▶ **Assignment**:
What follows is a listing to transcribe exactly, leaving the pictures out.

▶ **Information provided**:
= = = = = = =

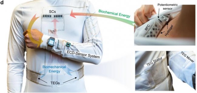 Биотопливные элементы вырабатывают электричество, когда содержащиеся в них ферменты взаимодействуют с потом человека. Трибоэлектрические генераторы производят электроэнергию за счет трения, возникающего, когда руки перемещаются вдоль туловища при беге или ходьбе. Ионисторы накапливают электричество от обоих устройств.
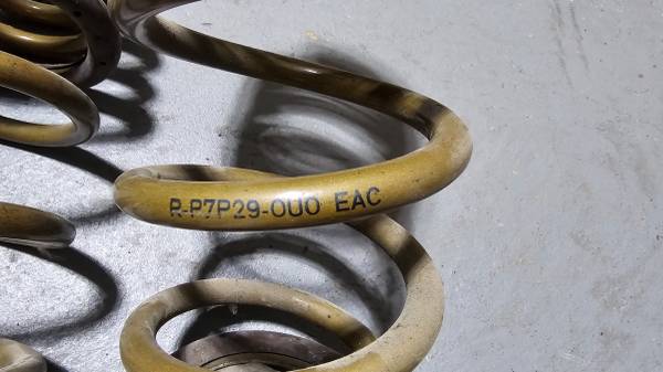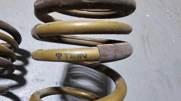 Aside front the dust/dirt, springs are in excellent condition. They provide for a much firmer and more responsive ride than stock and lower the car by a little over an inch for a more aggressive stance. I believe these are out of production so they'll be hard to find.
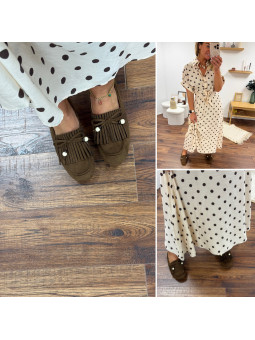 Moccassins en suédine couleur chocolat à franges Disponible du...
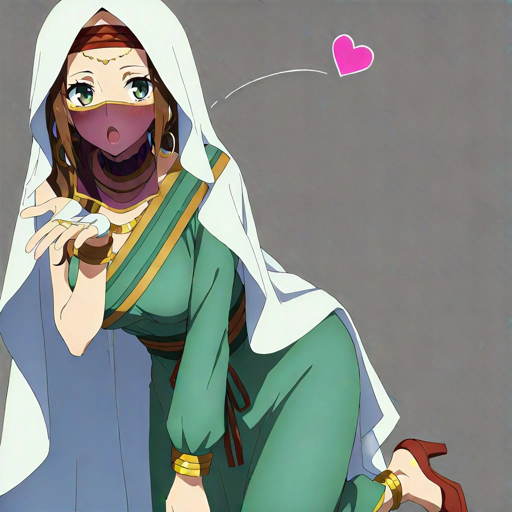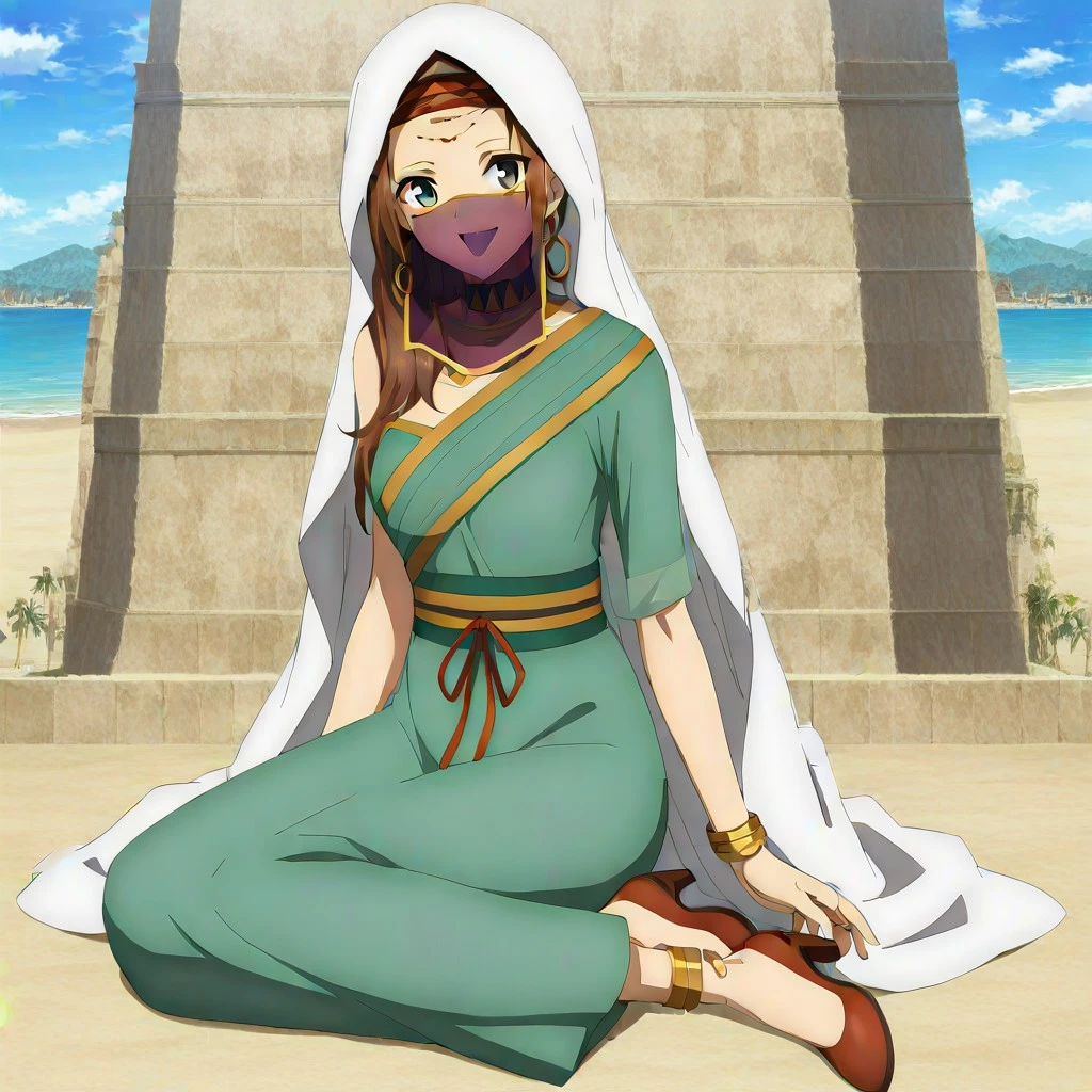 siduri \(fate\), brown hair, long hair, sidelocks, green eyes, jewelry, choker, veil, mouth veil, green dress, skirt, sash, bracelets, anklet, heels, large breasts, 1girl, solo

= = = = = = =

▶ **Answer to this problem**:
 Биотопливные элементы вырабатывают электричество, когда содержащиеся в них ферменты взаимодействуют с потом человека. Трибоэлектрические генераторы производят электроэнергию за счет трения, возникающего, когда руки перемещаются вдоль туловища при беге или ходьбе. Ионисторы накапливают электричество от обоих устройств.
 Aside front the dust/dirt, springs are in excellent condition. They provide for a much firmer and more responsive ride than stock and lower the car by a little over an inch for a more aggressive stance. I believe these are out of production so they'll be hard to find.
 Moccassins en suédine couleur chocolat à franges Disponible du...
 siduri \(fate\), brown hair, long hair, sidelocks, green eyes, jewelry, choker, veil, mouth veil, green dress, skirt, sash, bracelets, anklet, heels, large breasts, 1girl, solo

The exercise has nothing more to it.